● **Problem statement**
Return only the lines of the listing below that run from the line with "манго. Фасовка 1кг" through the line with "工作人员将花椒产品发往全国各地。人民网记者 杜燕飞摄", both ends included, exactly as written.

─── Data listing

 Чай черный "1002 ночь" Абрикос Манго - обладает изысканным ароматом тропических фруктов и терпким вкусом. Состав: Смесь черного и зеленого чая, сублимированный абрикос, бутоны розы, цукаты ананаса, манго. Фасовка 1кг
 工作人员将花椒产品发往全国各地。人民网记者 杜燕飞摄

──────
─── Data listing

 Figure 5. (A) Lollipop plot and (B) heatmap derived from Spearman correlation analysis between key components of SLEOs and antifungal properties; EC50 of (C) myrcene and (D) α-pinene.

──────
─── Data listing

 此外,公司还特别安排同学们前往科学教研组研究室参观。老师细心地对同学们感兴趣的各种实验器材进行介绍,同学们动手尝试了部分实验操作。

──────

● **Output of the exercise**
 Чай черный "1002 ночь" Абрикос Манго - обладает изысканным ароматом тропических фруктов и терпким вкусом. Состав: Смесь черного и зеленого чая, сублимированный абрикос, бутоны розы, цукаты ананаса, манго. Фасовка 1кг
 工作人员将花椒产品发往全国各地。人民网记者 杜燕飞摄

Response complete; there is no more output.